Drugs change the brain

Previous research has shown that drug abuse and addiction physically alter the connections between neurons (synapses) that are important for the creation and storage of memories. Although normal learning requires synapses to be dynamic and plastic, exposure to addictive drugs abnormally increases synaptic plasticity in a way that is thought to underlie drug-related learning and addiction behaviors. The UI study found that absence of ASIC-proton mediated neurotransmission also increased synaptic plasticity in a way that resembled the changes created by addiction and drug withdrawal.

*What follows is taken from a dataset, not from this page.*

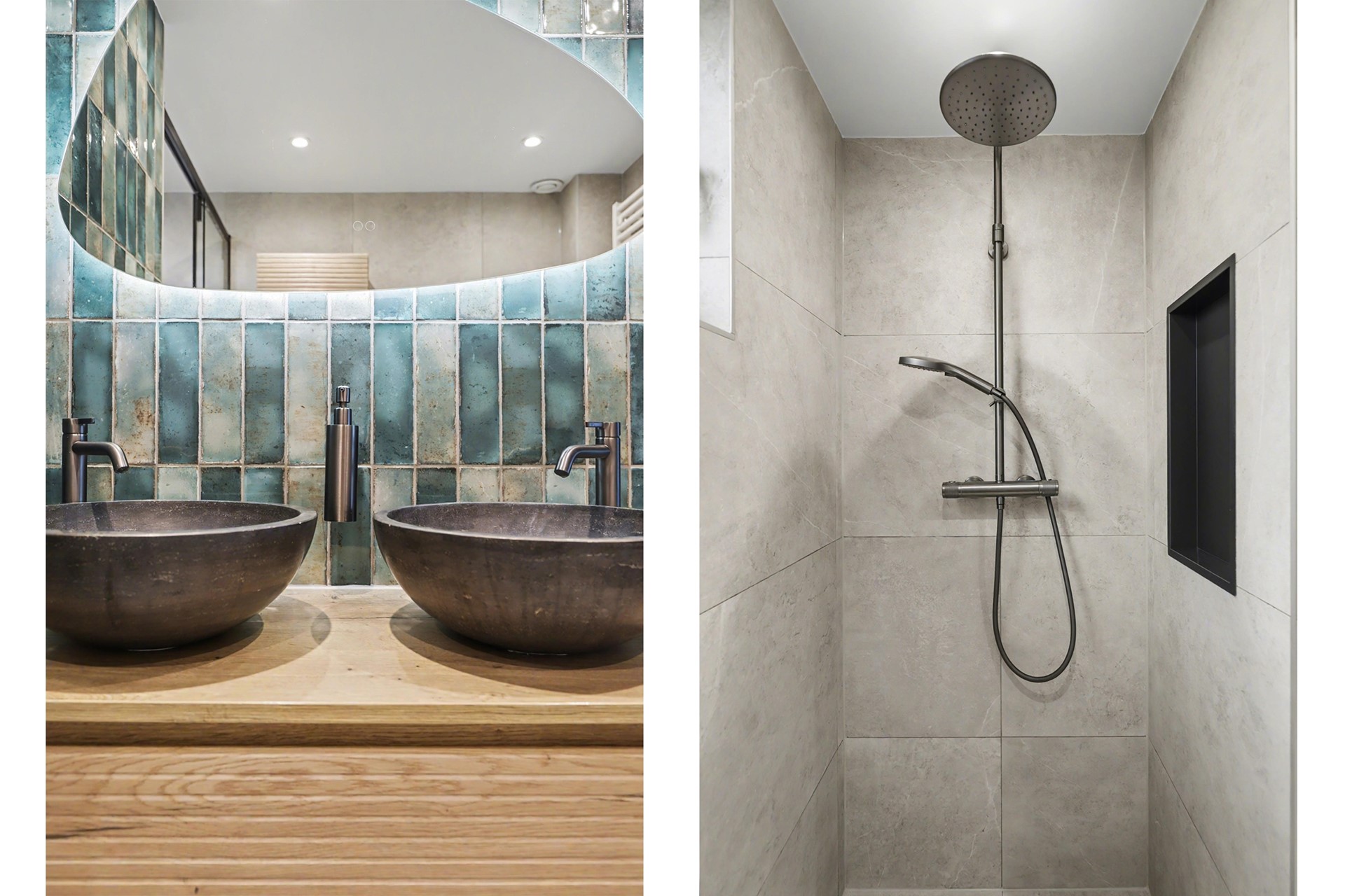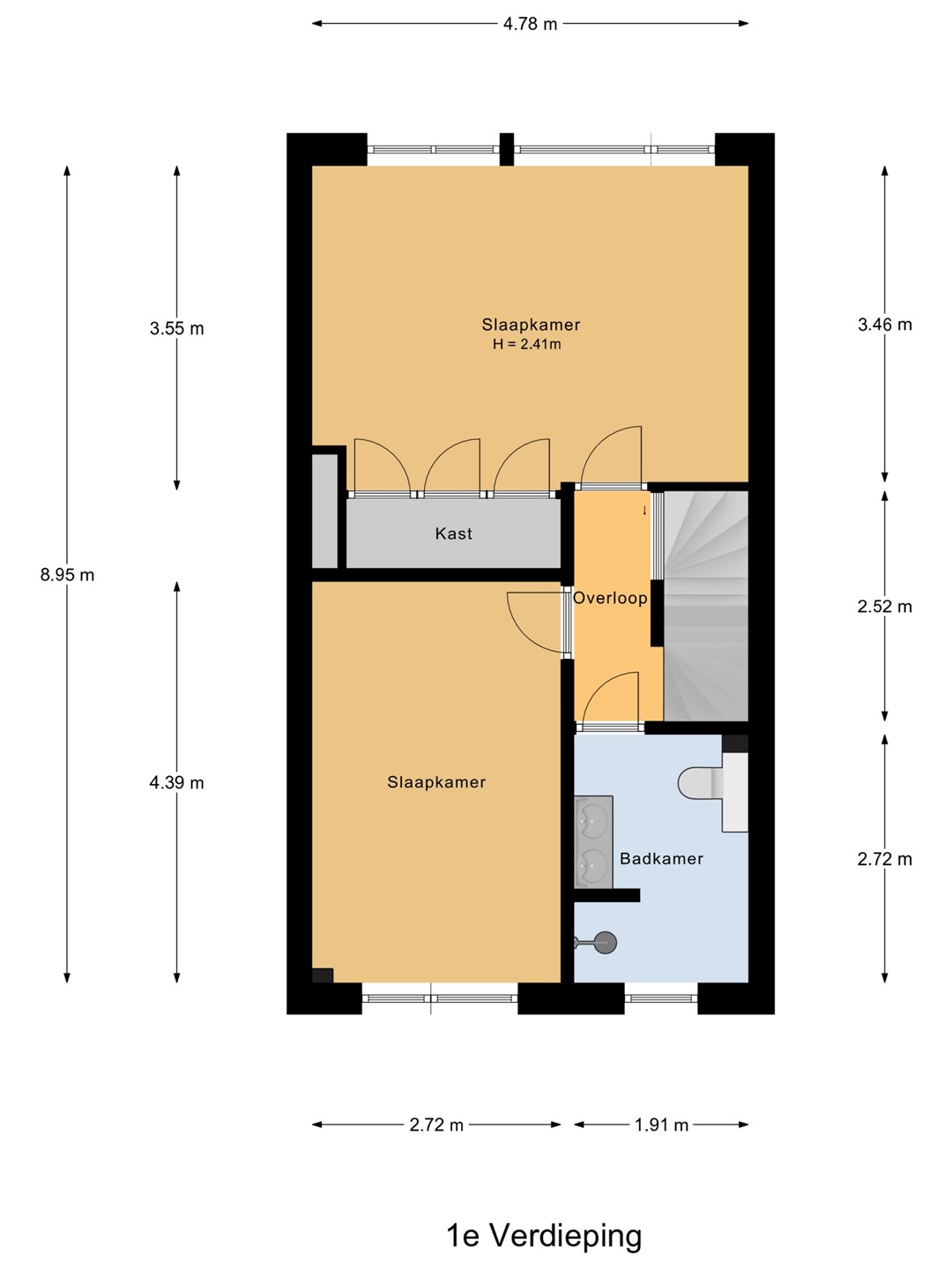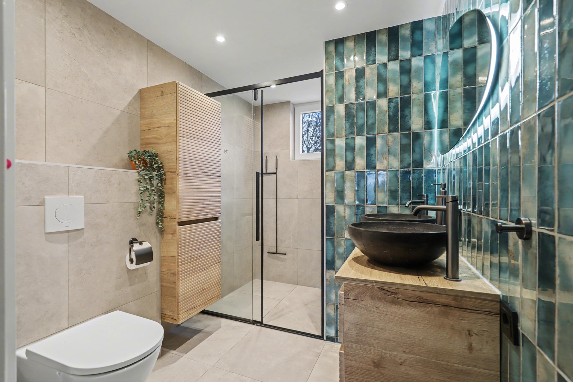 Op de eerste verdieping is de indeling als volgt: overloop, prachtige ouderslaapkamer (475 x 447/346 inclusief de kasten), prima tweede slaapkamer (439 x 2722) en de exclusieve - in 2024 vernieuwde - badkamer (272 x 191) met elektrische vloerverwarming, inloopdouche, tweede toilet en badkamermeubel met 2 wastafels.

"It seemed like everything we looked at (physiology and structural changes) really paralleled what you would see in an animal undergoing drug withdrawal, even though these animals missing ASIC had never been exposed to drugs," Kreple says.

Overall the study findings suggest that ASIC-related neurotransmission in the nucleus accumbens may play a role in reducing synaptic plasticity and appropriately stabilizing synapses.